Troisième productrice de chanvre au monde, la France serait-elle assise sur un tas d’or vert ? Indifférente à la sécheresse, cette plante aux multiples applications (du bâtiment au textile en passant par l’alimentation, la cosmétique ou la plasturgie) amorce une spectaculaire remontada, saluée jusque dans les instances de l’ONU qui encourage sa culture.
Un champ de chanvre de textile dans la plaine de Caen
Un champ de chanvre de textile dans la plaine de Caen (Crédits : DR)

Et si le chanvre était la plante du futur ? A la lumière du changement climatique, le monde redécouvre les qualités de cette herbacée longtemps diabolisée au nom de la lutte contre la toxicomanie. L'argument semble avoir fait son temps. Aujourd'hui, tout plaide en faveur de la réhabilitation de cette « Formule 1 agronomique », comme la qualifie l'interprofession. L'expression est bien choisie.

Une culture tous terrains

En plus que d'être rustique et résistant aux fortes chaleurs comme au stress hydrique, le Cannabis Sativa, de son nom savant, possède bien d'autres vertus. Il se passe volontiers de traitements mécaniques ou chimiques du fait de sa densité qui empêche le développement de plantes concurrentes. De plus, il ne connaît quasiment aucun ravageur ni maladie grâce sa diversité génétique. En outre, son système racinaire très développé travaille le sol en profondeur en améliorant la rétention d'eau et en permettant un meilleur rendement des cultures semées à sa suite.

Planté au printemps et de pousse rapide (120 jours en moyenne), il se révèle imbattable pour stocker du CO2. « Un hectare de chanvre classique réussit à emprisonner plus de carbone en cinq ou six mois qu'un hectare de forêt primaire », calcule Guillaume Laize, technicien à l'association des producteurs de chanvre de Normandie que La Tribune a croisé lors des deuxièmes « Rencontres du chanvre » qui se sont tenues à Lisieux (Calvados) cette semaine devant une salle pleine à craquer.

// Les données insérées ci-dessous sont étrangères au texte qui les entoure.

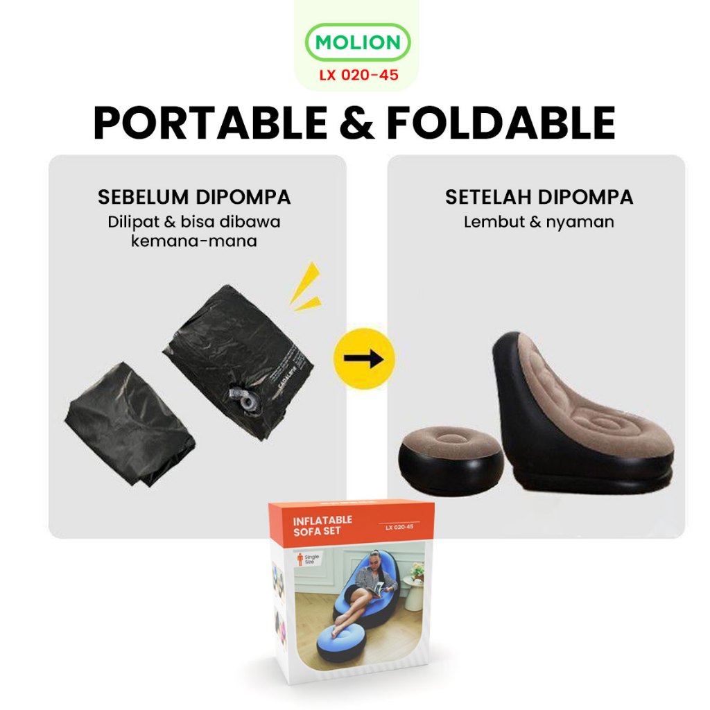 𝐌𝐎𝐋𝐈𝐎𝐍 𝐒𝐍𝐈 Sofa Angin Beanbag Aestetik Squishy Jumbo Inflatable Sofa + Stool Tiup Lazy Bag Outdoor Indoor Lay Bag 020-45

Dans l'assistance, des agriculteurs, des industriels, des agronomes, mais aussi des représentants de l'Agence de l'eau Seine-Normandie qui n'étaient pas là par hasard. L'Agence milite, en effet, pour un essor de la chanvriculture au nom de son innocuité sur la ressource en eau, comme le rappelle son directeur territorial.

« Ne vous limitez pas dans vos initiatives. Soyez créatifs et développez cette culture ! », a ainsi martelé Ludovic Genet devant l'auditoire.

La France prend de l'avance

Manifestement, le message passe. Avec 22.000 hectares plantés en chanvre (soit 37% des surfaces de l'UE), la France est aujourd'hui le troisième producteur au monde et le premier en Europe. Et devrait conserver cette pole position. « Les surfaces ont été multipliées par trois en dix ans et nous prévoyons au moins un doublement à un horizon de cinq ans », rapporte Joël Lagneau, directeur adjoint de l'association Interchanvre qui coalise agriculteurs et transformateurs.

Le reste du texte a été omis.